--- START ---

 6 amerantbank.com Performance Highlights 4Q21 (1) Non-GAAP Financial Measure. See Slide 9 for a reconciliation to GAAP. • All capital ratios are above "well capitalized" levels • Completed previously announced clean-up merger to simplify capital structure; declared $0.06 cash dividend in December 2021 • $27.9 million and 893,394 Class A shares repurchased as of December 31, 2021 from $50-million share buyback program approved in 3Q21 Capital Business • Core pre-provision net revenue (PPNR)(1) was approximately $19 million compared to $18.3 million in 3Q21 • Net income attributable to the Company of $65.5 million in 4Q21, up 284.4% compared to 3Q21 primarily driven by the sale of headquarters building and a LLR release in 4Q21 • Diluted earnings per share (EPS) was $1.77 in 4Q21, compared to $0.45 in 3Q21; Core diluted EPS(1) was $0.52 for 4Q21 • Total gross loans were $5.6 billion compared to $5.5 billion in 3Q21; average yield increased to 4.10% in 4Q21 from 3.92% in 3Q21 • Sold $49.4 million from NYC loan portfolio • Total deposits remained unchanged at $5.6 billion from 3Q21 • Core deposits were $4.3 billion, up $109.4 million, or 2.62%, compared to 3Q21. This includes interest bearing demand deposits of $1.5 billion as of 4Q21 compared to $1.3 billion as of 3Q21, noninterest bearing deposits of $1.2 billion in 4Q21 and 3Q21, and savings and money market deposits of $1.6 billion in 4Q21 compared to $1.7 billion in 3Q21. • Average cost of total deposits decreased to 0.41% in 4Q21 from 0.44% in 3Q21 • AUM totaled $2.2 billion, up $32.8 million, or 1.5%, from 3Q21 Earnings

--- END ---
--- START ---

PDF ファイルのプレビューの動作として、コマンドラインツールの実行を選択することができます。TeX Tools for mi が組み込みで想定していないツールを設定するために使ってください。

--- END ---
--- START ---

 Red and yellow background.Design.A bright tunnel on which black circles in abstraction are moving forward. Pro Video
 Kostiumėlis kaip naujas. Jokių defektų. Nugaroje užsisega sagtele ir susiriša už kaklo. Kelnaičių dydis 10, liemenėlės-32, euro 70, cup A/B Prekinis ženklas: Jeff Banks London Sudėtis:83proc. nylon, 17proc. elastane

--- END ---

— Task statement —
Retype the entries above exactly, but only from the line containing "Red and yellow" through the line containing "Kostiumėlis kaip naujas.", both included.

— Written response —
 Red and yellow background.Design.A bright tunnel on which black circles in abstraction are moving forward. Pro Video
 Kostiumėlis kaip naujas. Jokių defektų. Nugaroje užsisega sagtele ir susiriša už kaklo. Kelnaičių dydis 10, liemenėlės-32, euro 70, cup A/B Prekinis ženklas: Jeff Banks London Sudėtis:83proc. nylon, 17proc. elastane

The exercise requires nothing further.